– Панихида, конечно, долг, – сказал дядя, – аи туда бы к ней самой недурно…
– Зачем?
– Рассеяние.
– Я не скучаю.
– Разве тебе она не по душе? Добрейшего сердца дама. И вид какой…
– Видел я ее в церкви!
– Что ж, Вася, разве плоха?
– К чему это такой рост? – с пренебрежением отвечал Вася, – и очень много уж руками рассуждает. Мне к такой рослой женщине и подойти страшно.
– Ты любишь книги, а книг там много. Молодежь, девицы бывают иногда, иногда бывают девицы…
– Вам все женить меня хочется, дядя… Нет, вы это оставьте! И к чему это мне жениться? Чтобы в тесноте кислым молоком пахло? или чтобы с женой в кибитке тащиться и нюхать, как рогожей воняет, и смотреть, как она клушей сидит? А я от жалости возненавижу ее… Нельзя не возненавидеть человека, которого надо беспрестанно жалеть! Сил не станет.
– Ну, служить! – помолчав, сказал дядя.
– Служить; рад бы, да в город смерть не хочется, а здесь как служить? даже в троицкий лазарет ездит доктор из города…
– Если хочешь, я похлопочу, чтобы тебя…
– Нет, нет, избави вас Боже!
– В таком случае практику надо по домам завести, у других отбить. Скоро ты и христианству своему пищи и опоры не найдешь. Последние свои пять рублей издержал из лекарства; а после что будет? Лечи помещиков… По крайней мере, источник есть, опора, пища, источник есть! И крестьяне своим порядком могут дань доставлять: куры, яйца, полотно…
– Без источника я сам знаю, дядя, что нельзя… дайте образумиться.
– Живи, живи себе, Вася, как знаешь; я говорю только из предусмотрительности об источниках… Для твоих же христианских правил.
Руднев покраснел.
– Далеко кулику до Петрова дня, дядя, и мне до христианских правил далеко! Если б я надел тулуп и почти не жил дома, и ходил с котомкой от старухи к старухе, от больного к больному: кто в силах сам купи лекарства, не в силах – я помогу – вот тогда бы я был христианин! Чтоб каждый грош, который я отдаю бедному, отзывался во мне, с непривычки, лишением и страданием – вот это – христианин! тогда бы я и к помещику пошел бы смело и взял бы с него деньги, чтобы обратить их туда же. А я ведь этого не делаю… И даже, – прибавил он, вздохнув, – не стану ничего предпринимать решительного, пока не приду в себя, не обдумаю всего, что мне нужно.
Руднев продолжал ходить по комнате; дядя внимательно следил за ним глазами.

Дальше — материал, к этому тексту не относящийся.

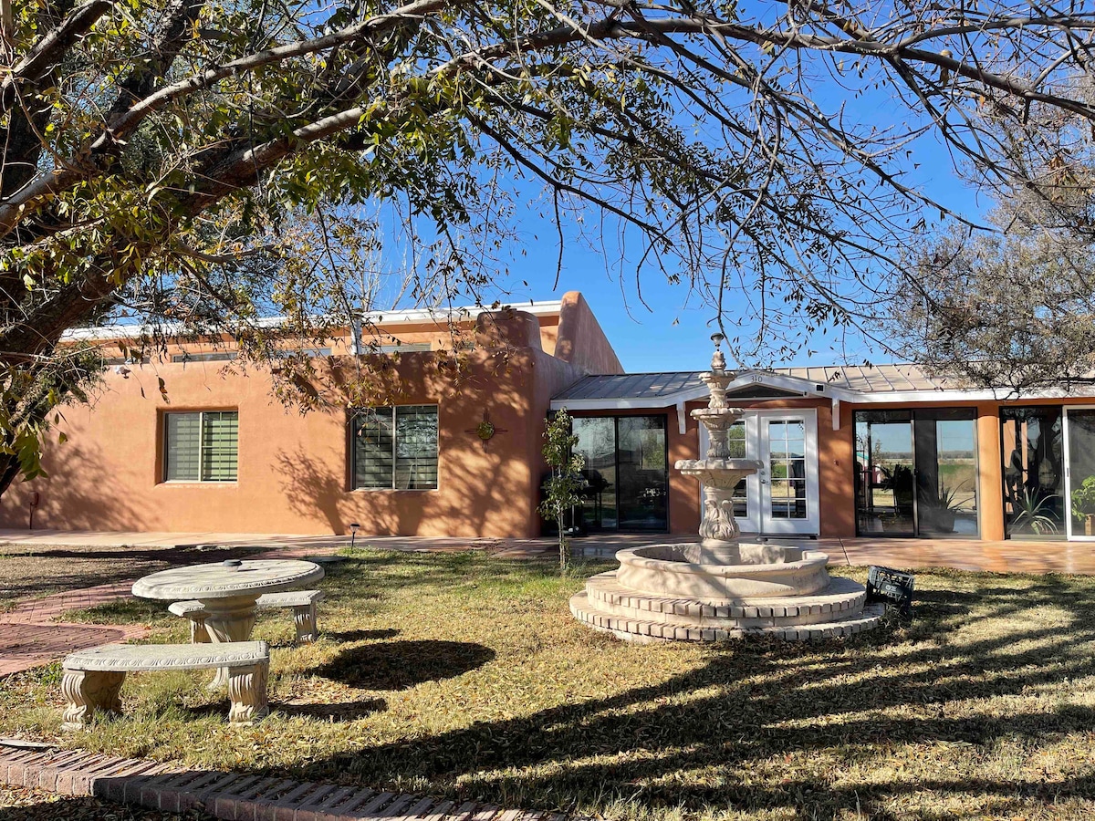 Pueblo Style home on 1+ Acre with Pool! This charming 4BR/2BA Pueblo Style home features stunning details throughout. Gorgeous saltillo tile in the living areas with beautiful wood beam accents, and a kiva-style fireplace for cozy winter nights. The primary suite offers direct access to the covered patio for summer dips in the pool and evening Sunsets. The 4th bedroom is huge and could be used as a second living area. The pool is not heated but will be open and cleaned all year. Sorry no pets.

– Старик стариком сгорбился, – заметил он наконец с досадой. – Это упорство заметно в тебе с малых лет и происходит ни от чего другого, по моему мнению, как от твердости характера!
– Какая у меня твердость!
– Нет, твердость есть, твердость есть… Как хочешь, брат, а твердость есть!
– Да что же вы меня как будто обвиняете? Я очень рад, если она есть.
– Это, смотря по обстоятельствам дела, Вася, смотря по случаю; я тебе скажу про себя. У меня всегда был твердый характер. Но изволишь видеть, где ахиллесова пята… Человек твердый упорствует во всем и не без ущерба иногда! В 48-м году была холера и меня затронула. Признаюсь, я испугался; потом мне стало легче; но что ж? никто не мог успокоить меня, дрожу от страха. Человек слабый успокоился бы давно; но я, твердый характер, стал на своем: боюсь, боюсь и боюсь. А это вредно, ты сам знаешь! Так вот и ты себе на зло все делаешь…
После этих слов дядя уехал, но всю дорогу не выходила у него из ума задача, как бы оживить дорогого упрямца и отшельника.
III
– Здоровы ли вы, Владимiр Алексеич? – спросили в Троицком старика Руднева.
– По мере возможности, графиня, по мере возможности… Года уж не те…
– Отчего ж? Вы гораздо старее меня, а я перед вами развалина. Завтра хотим ехать в *** монастырь… Боюсь, что недостанет сил сделать верхом сто слишком верст взад и вперед. Грудь болит, и голова кружится.
– ' Года уж не те, графиня! Бодрости нет – сообщения соков…
Хотя Владимiр Алексеевич с трудом решался говорить про свои чувства, пока не было в этом крайней нужды, но Новосильская умела сейчас узнавать, когда соседа волновало что-нибудь: язык его не выдавал, но выдавали брови, которые прыгали и от радости и от горя.
– Вы что-то не в своей тарелке! – сказала она ему. – Скажите-ка, что с вами… Не пригожусь ли я?
– Да все Вася… с Васей вожусь.
– Что же он?
– Пыжик; как был в десять лет пыжик, так и в двадцать остался… Нет, нет и нет.
– Что нет? Служить не хочет?
– И служить не хочет, и к вам ездить не решается…
– Хотите, – сказала Новосильская, – я сама ему первый визит сделаю? Завтра мы все, и Лихачевы с нами, заедем к вам около двенадцати часов… Это по дороге; и уговорим его… Я и детей заставлю просить… А уж раз познакомится, не будет бояться нас…
– Только вы его не слишком! Изволите видеть… надо знать человека… надо знать человека…
– Не беспокойтесь, – сказала Новосильская. Старик притаился так, что Рудневу и в голову ничего не пришло.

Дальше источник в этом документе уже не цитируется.